Biomedical Engineering Department, Semnan University, Semnan, Iran.
Biomedical Engineering Department, Semnan University, Semnan, Iran.
J Neurosci Methods. 2020 May 15;338:108686. doi: 10.1016/j.jneumeth.2020.108686. Epub 2020 Mar 12.
BCI systems based on steady-state visual evoked potentials (SSVEP) have formed an immense contribution to practical applications, due to their high recognition accuracy and ease of use. The MLR method has a better frequency recognition accuracy for short-term windows, and the MsetCCA method works more accurately in long-term windows.
The proposed fuzzy ensemble system can analyze the relevant SSVEP signals of each subject from 0.5 to 4 s windows with 0.5 s incremental steps. It is capable of taking decisions to improve the accuracy of SSVEP stimulation frequency recognition using the MLR and MsetCCA methods.
Our fuzzy system provides high-accuracy results for the stimulation frequency recognition in signals with the length of 1 s and more.
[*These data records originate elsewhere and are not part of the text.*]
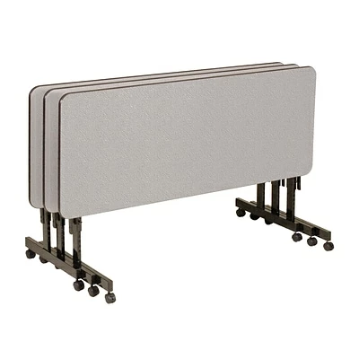 Casters allow easy movement from storage to setup, then lock to hold table in place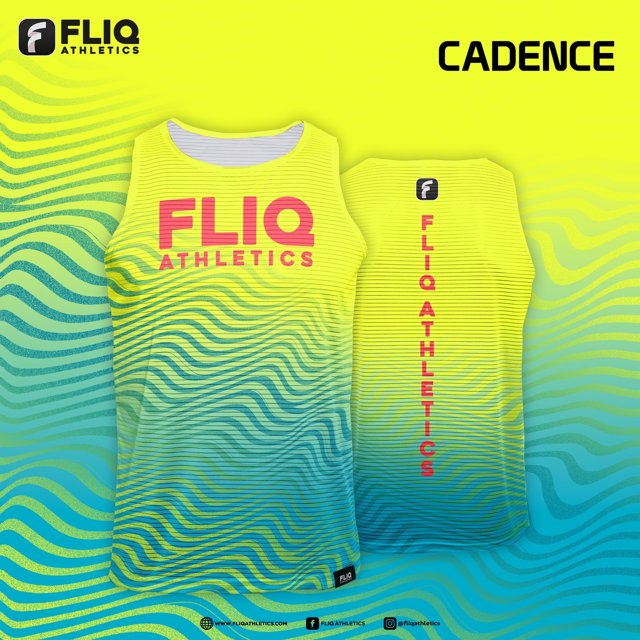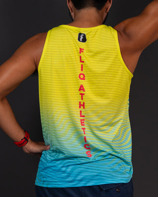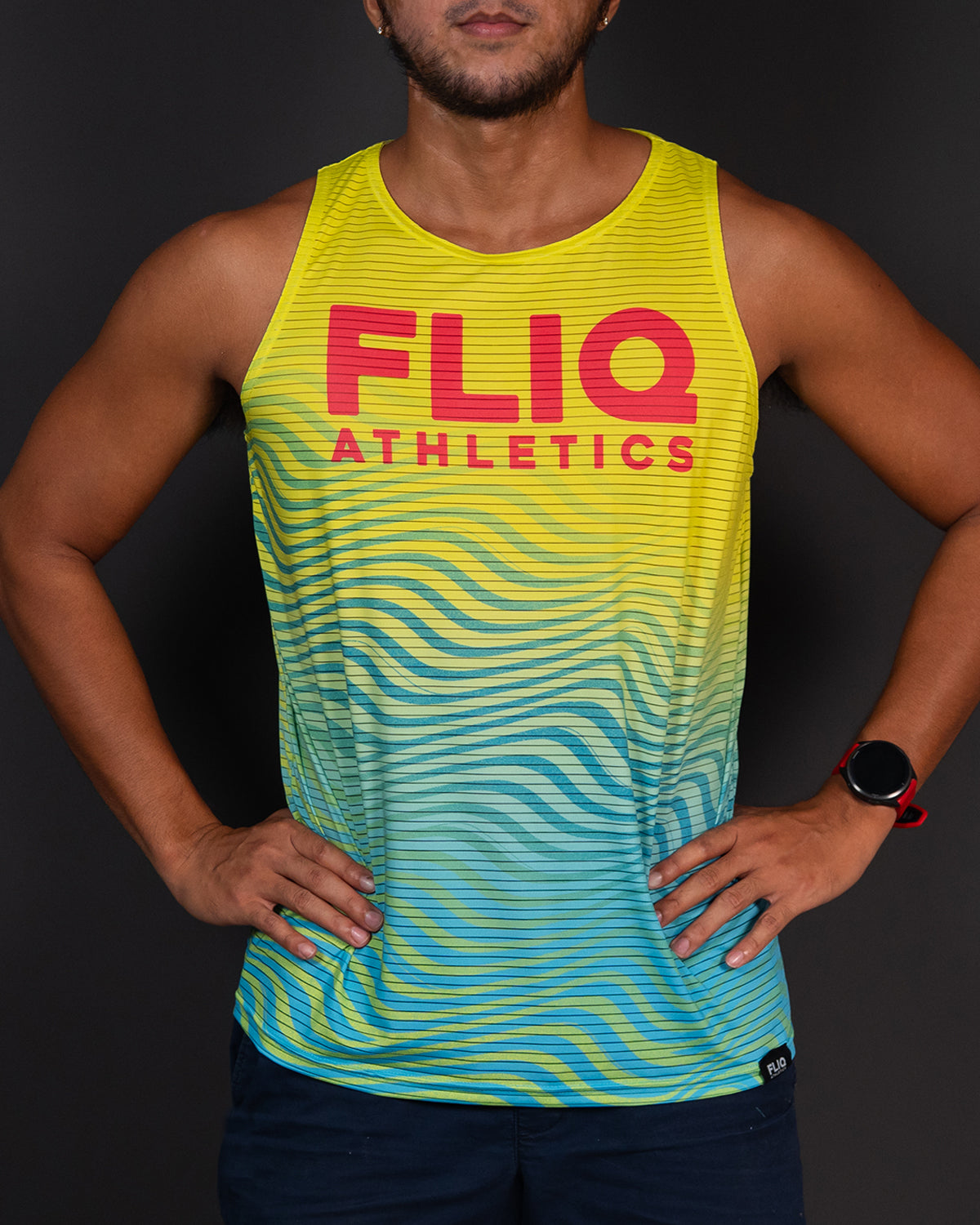This athletic tank top from Fliq Athletics is designed for a bold and dynamic look. It features a striking gradient transition from yellow at the top to blue at the bottom, with wavy horizontal lines flowing across the entire fabric, creating a sense of motion and energy.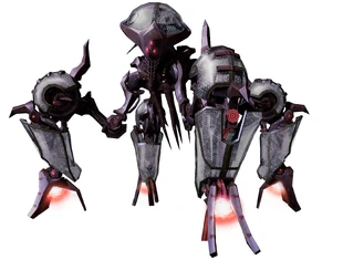 Heavily armed and armored mechanoid. Lightly armored foot joints are vulnerable to Bomb and Boost attacks.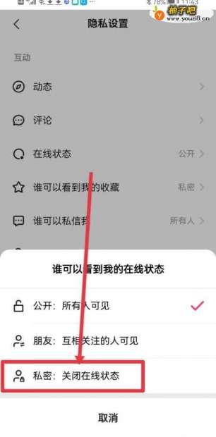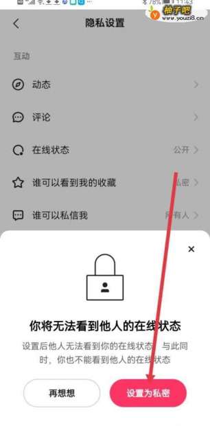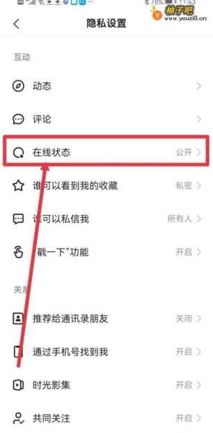 4进入隐私配置,点击【在线状态】。

Specifically, the average accuracy of 2 s windows has improved to 100 percent.
The recognition accuracy of the presented system is always better than both MLR and MsetCCA methods.
One of the capabilities of fuzzy systems is that they can use human information and knowledge to build engineering systems. The fuzzy ensemble system can utilize various methods or classifiers simultaneously. The new system has proposed to combine multiple methods using the fuzzy ensemble, which encompasses the benefits of all the subsystems.
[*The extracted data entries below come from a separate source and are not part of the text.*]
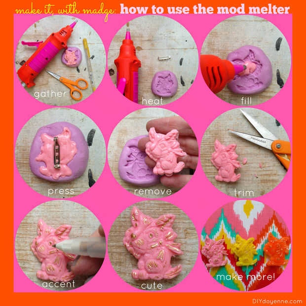 Aquí es un gráfico con los pasos, sólo calor, llenar, agregar pin nuevo, fresco, recortar y embellecer! Hacer tus propios moldes con un dos pieza moldeado masilla o uso los moldes de silicona de la línea se funda el Mod o el pasillo cocina! Eso es todo!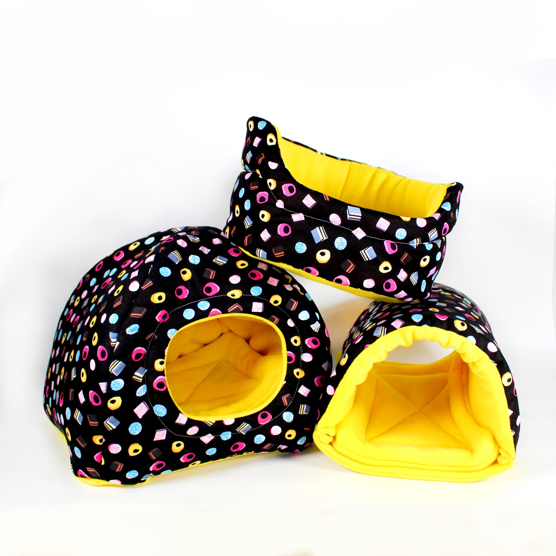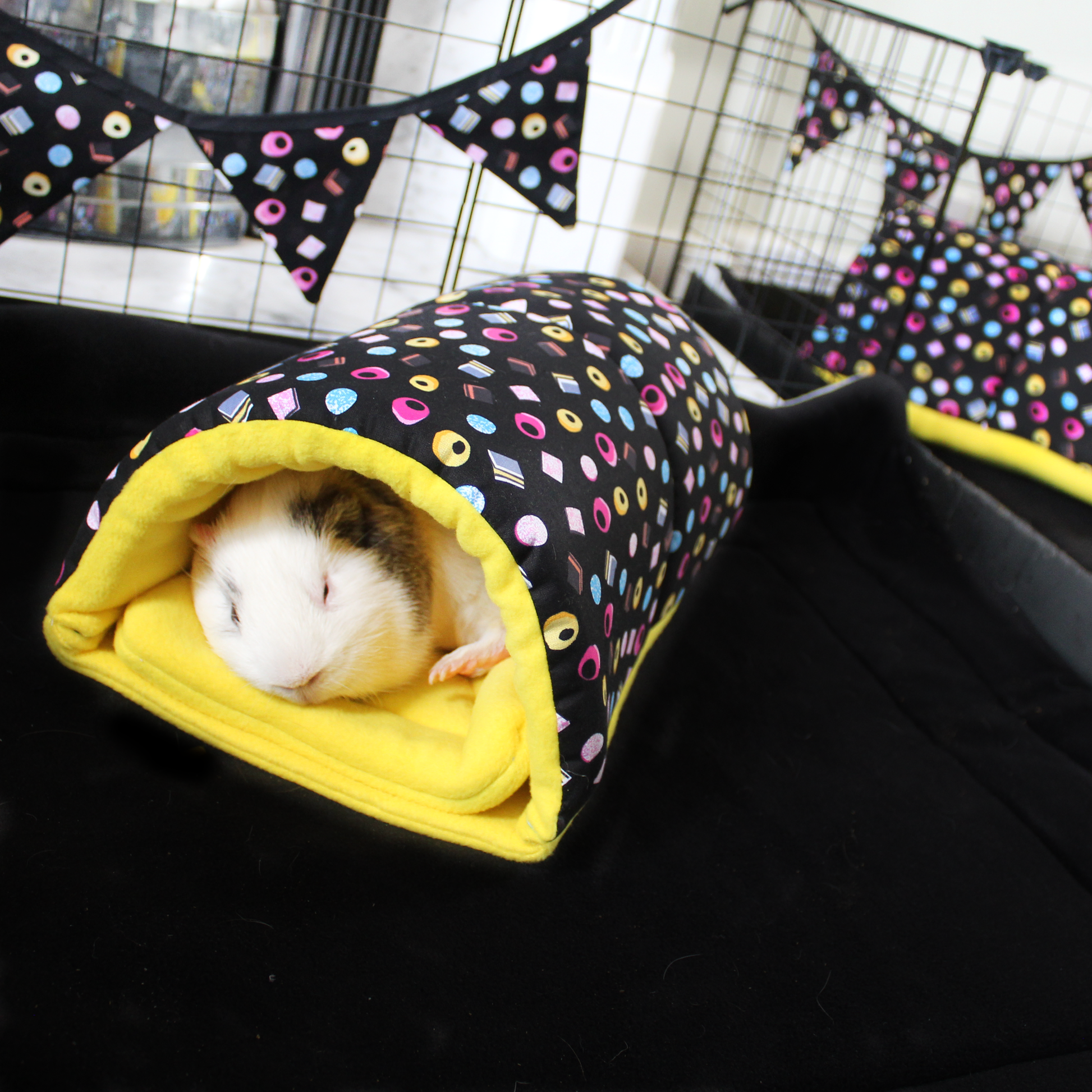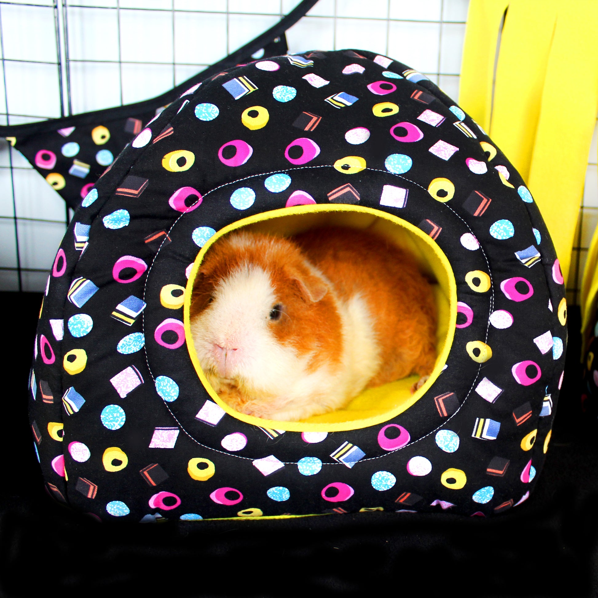 This accessory set is ideal for guinea pig owners who want a fun, matching set that offers comfort and style. The vibrant Liquorice Allsorts pattern adds a touch of whimsy, while the high-quality materials ensure your pets have a cozy place to sleep, hide, and play. Create a candy store-inspired enclosure that your guinea pigs will love!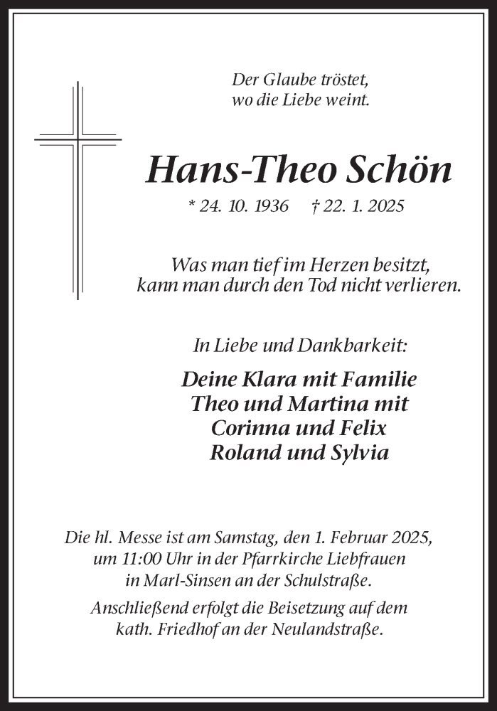 Hier finden Sie alle Traueranzeigen aus der Zeitung, die bisher für Hans-Theo Schön erschienen sind. Weitere Traueranzeigen, die in der Zeitung erscheinen, werden hier ebenfalls aufgelistet

基于稳态视觉诱发电位 (SSVEP) 的 BCI 系统由于其识别精度高、使用方便,已经为实际应用做出了巨大贡献。MLR 方法在短期窗口中具有更好的频率识别精度,而 MsetCCA 方法在长期窗口中工作更准确。
所提出的模糊集成系统可以分析每个受试者的相关 SSVEP 信号,窗口长度从 0.5 秒到 4 秒,步长为 0.5 秒。它能够使用 MLR 和 MsetCCA 方法做出决策,以提高 SSVEP 刺激频率识别的准确性。
我们的模糊系统为 1 秒及以上长度的信号提供了高精度的刺激频率识别结果。具体来说,2 秒窗口的平均准确率提高到了 100%。
所提出系统的识别精度始终优于 MLR 和 MsetCCA 方法。
模糊系统的一个能力是它们可以利用人类的信息和知识来构建工程系统。模糊集成系统可以同时使用多种方法或分类器。新系统提出使用模糊集成来组合多种方法,从而包含所有子系统的优点。